**** Source information ****

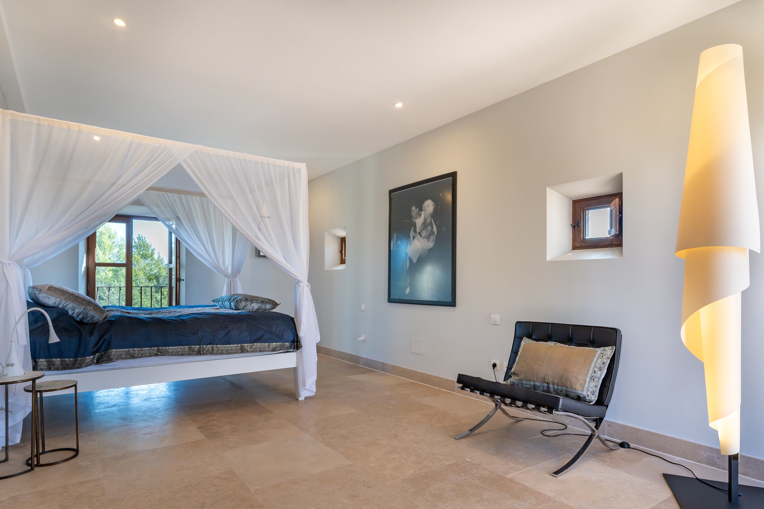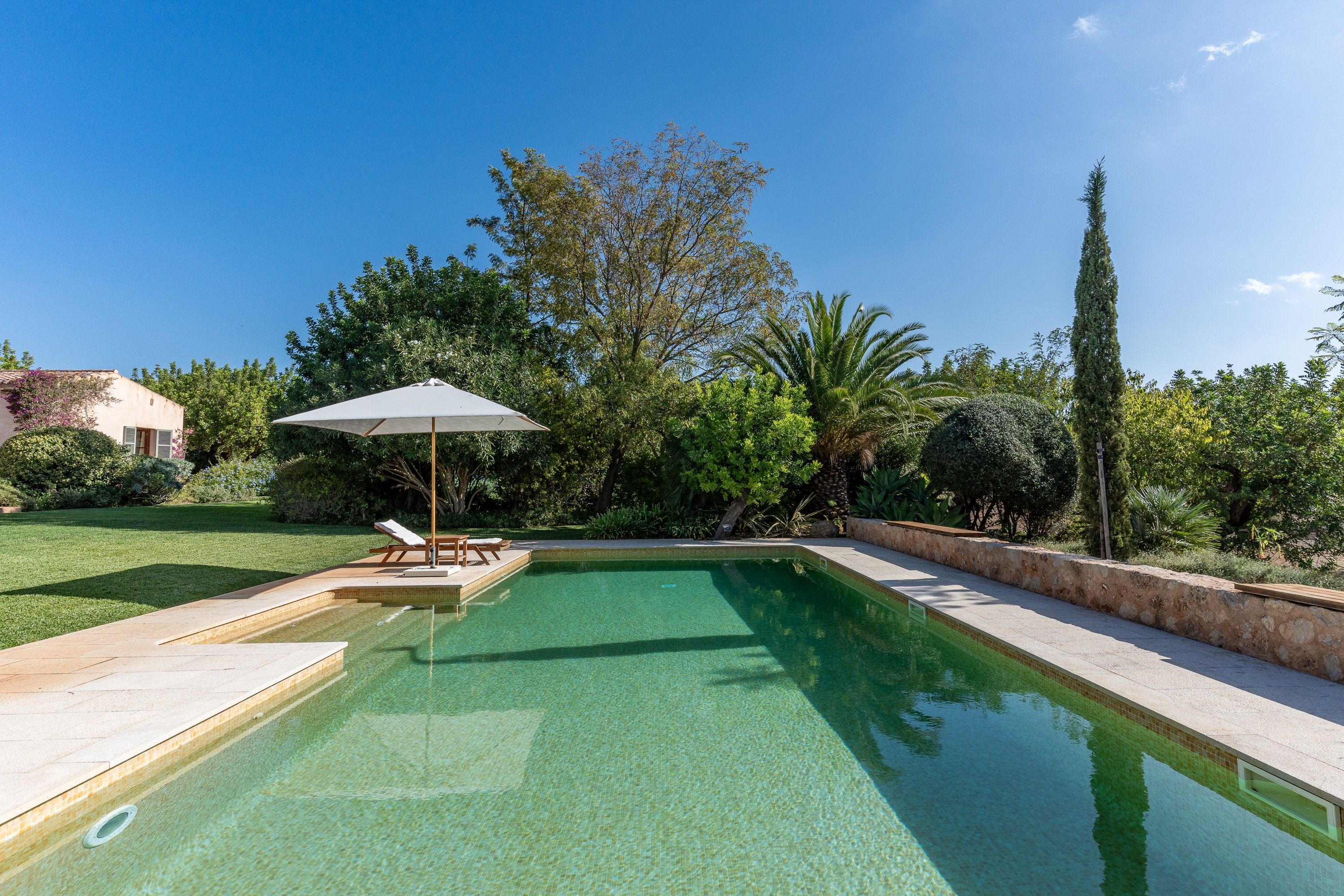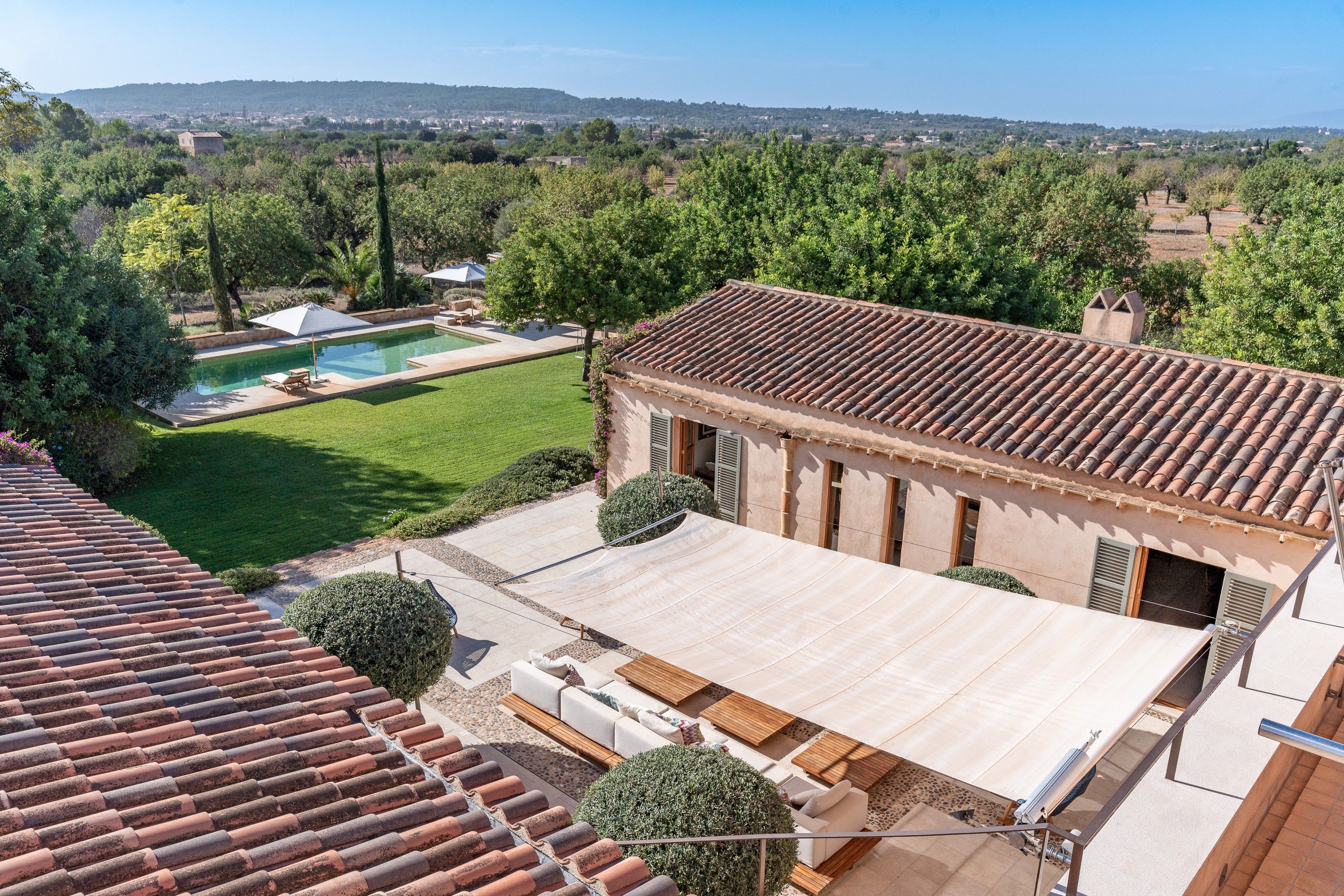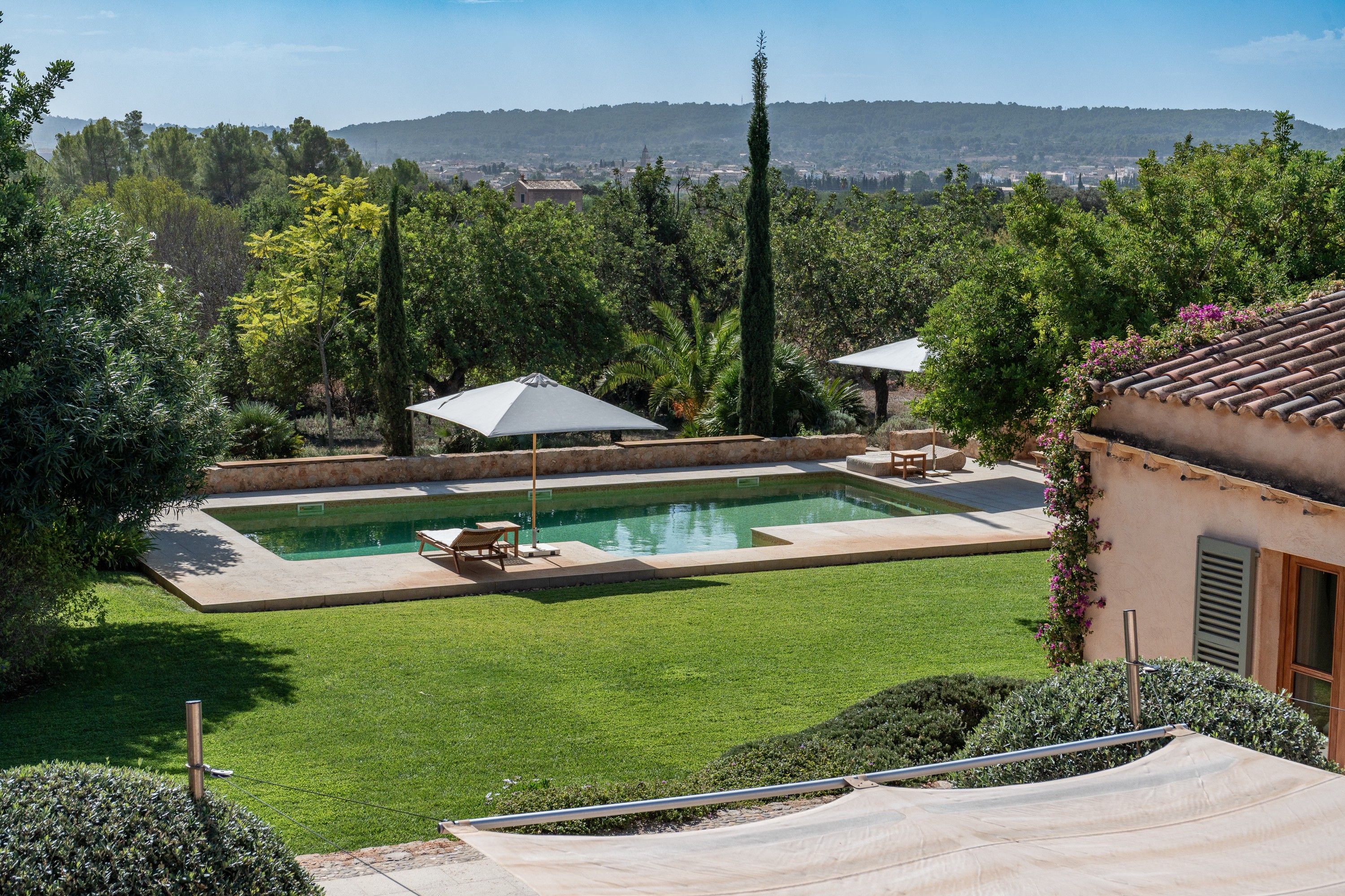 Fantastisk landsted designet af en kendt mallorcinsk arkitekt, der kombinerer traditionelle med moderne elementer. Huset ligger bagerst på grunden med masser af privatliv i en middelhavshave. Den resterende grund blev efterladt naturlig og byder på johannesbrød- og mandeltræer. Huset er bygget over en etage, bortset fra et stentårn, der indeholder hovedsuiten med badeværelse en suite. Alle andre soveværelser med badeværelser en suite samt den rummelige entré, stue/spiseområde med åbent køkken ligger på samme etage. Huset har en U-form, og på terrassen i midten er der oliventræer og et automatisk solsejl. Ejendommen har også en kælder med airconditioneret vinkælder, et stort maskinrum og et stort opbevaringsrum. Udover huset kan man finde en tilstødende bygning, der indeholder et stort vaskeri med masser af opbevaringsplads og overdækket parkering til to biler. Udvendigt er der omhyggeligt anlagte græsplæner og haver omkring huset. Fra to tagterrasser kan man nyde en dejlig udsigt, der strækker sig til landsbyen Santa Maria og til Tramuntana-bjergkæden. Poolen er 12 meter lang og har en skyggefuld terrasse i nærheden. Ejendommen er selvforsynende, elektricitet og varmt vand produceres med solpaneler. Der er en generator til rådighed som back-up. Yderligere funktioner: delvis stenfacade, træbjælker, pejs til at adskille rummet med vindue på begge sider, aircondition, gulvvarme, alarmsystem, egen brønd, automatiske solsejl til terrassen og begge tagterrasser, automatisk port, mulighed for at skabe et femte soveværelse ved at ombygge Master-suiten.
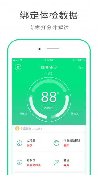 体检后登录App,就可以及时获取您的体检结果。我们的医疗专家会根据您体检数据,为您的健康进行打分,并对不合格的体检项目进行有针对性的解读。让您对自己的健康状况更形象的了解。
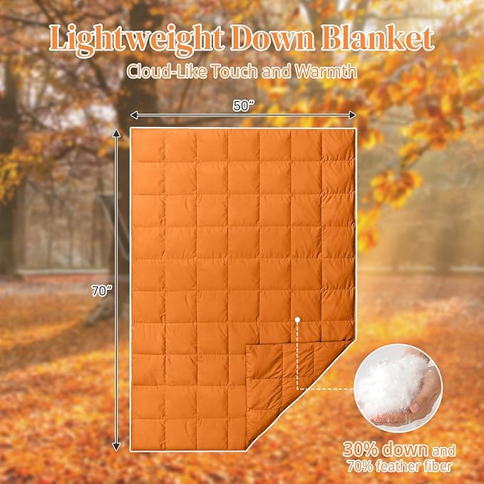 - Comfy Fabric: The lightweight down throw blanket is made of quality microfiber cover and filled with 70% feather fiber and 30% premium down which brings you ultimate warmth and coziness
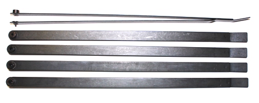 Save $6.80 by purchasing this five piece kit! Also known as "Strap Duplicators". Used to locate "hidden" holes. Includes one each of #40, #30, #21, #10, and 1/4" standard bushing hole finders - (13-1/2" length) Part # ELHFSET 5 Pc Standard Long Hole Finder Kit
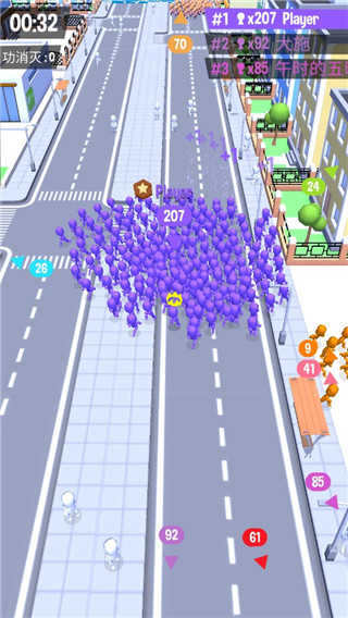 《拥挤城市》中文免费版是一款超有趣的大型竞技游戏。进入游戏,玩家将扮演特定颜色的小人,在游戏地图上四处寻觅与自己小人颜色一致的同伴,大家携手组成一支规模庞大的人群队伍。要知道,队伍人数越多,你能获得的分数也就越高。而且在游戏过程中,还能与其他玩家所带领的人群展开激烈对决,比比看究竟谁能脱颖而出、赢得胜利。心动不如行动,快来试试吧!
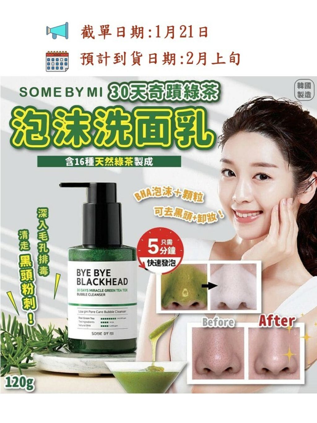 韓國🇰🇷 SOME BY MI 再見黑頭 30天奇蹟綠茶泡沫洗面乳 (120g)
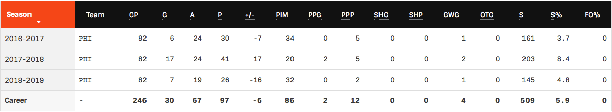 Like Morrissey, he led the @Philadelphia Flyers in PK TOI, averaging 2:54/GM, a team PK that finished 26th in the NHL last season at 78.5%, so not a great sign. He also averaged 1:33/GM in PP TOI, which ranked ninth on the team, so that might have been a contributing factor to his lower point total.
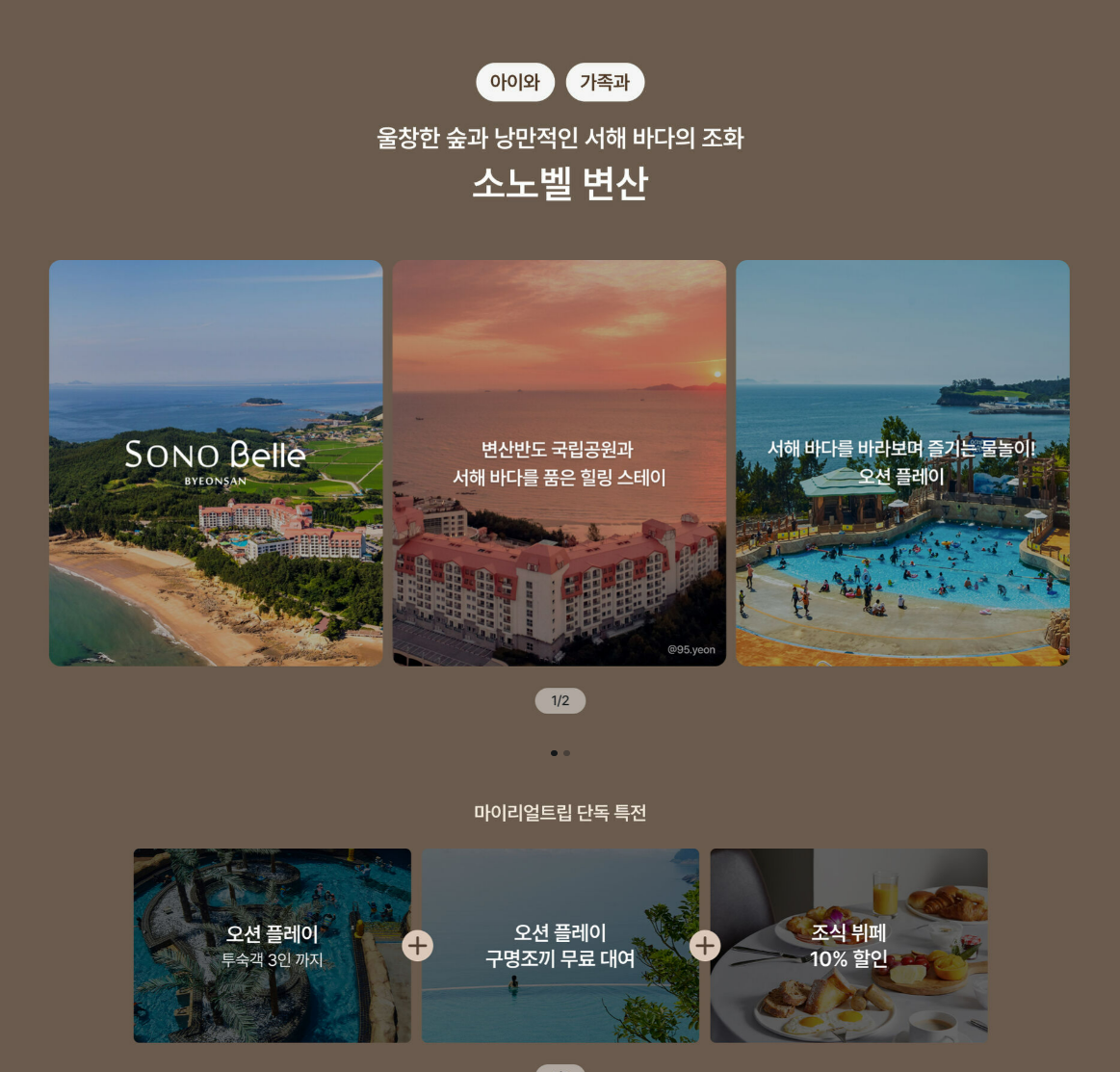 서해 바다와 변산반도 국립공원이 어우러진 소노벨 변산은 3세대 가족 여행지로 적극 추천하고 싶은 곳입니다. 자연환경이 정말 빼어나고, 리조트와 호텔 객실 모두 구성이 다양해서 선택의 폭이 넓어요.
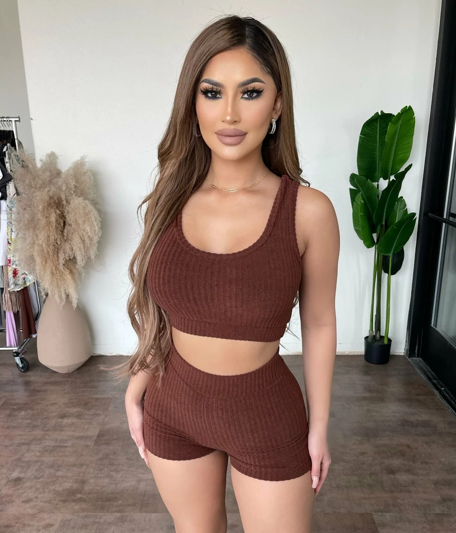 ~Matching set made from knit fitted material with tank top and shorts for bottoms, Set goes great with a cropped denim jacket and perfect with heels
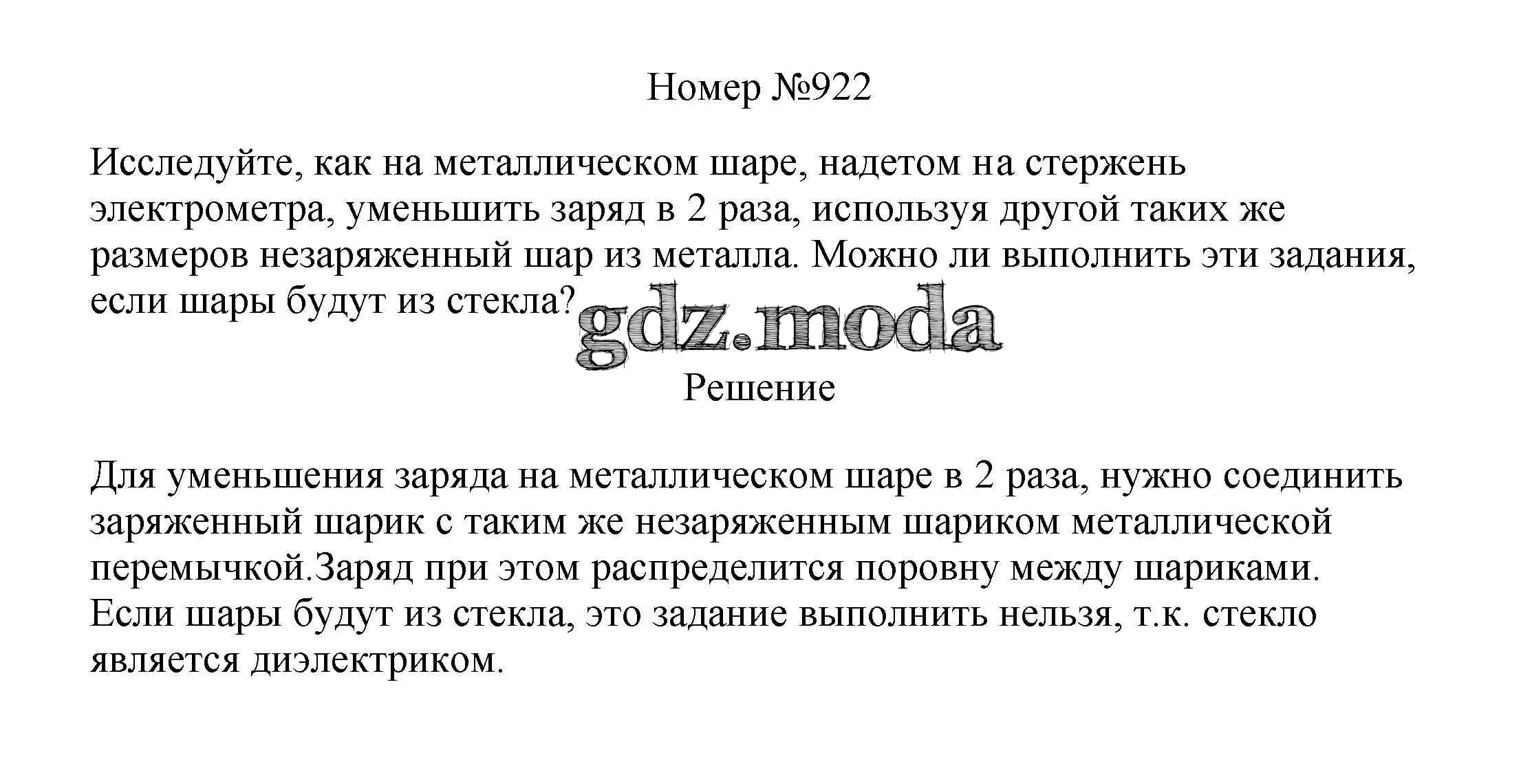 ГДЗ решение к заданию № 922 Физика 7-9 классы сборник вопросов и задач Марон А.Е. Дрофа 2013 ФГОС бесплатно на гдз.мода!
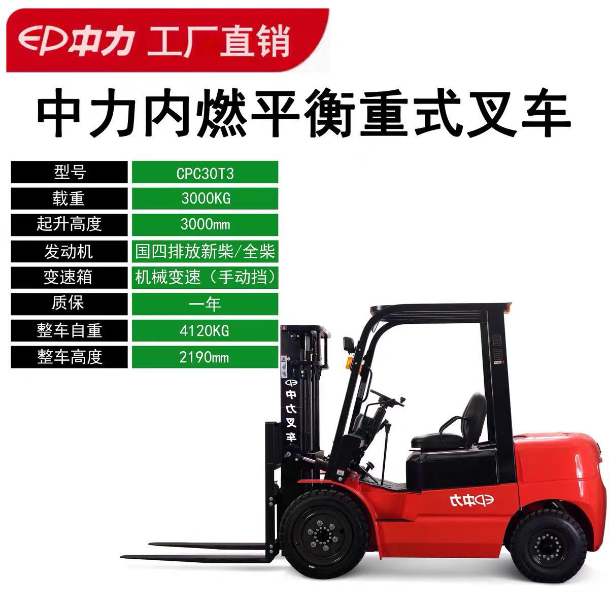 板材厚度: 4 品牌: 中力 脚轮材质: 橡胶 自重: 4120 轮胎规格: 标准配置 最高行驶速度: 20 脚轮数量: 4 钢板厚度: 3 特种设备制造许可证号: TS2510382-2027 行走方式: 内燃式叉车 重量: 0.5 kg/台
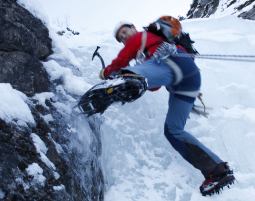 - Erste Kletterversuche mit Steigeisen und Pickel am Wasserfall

****

Problem — Beginning at the line with "板材厚度: 4 品牌: 中力", reproduce word for word each line through the last line of the records. Include both ends but no pictures.

Answer to this problem —
 板材厚度: 4 品牌: 中力 脚轮材质: 橡胶 自重: 4120 轮胎规格: 标准配置 最高行驶速度: 20 脚轮数量: 4 钢板厚度: 3 特种设备制造许可证号: TS2510382-2027 行走方式: 内燃式叉车 重量: 0.5 kg/台
 - Erste Kletterversuche mit Steigeisen und Pickel am Wasserfall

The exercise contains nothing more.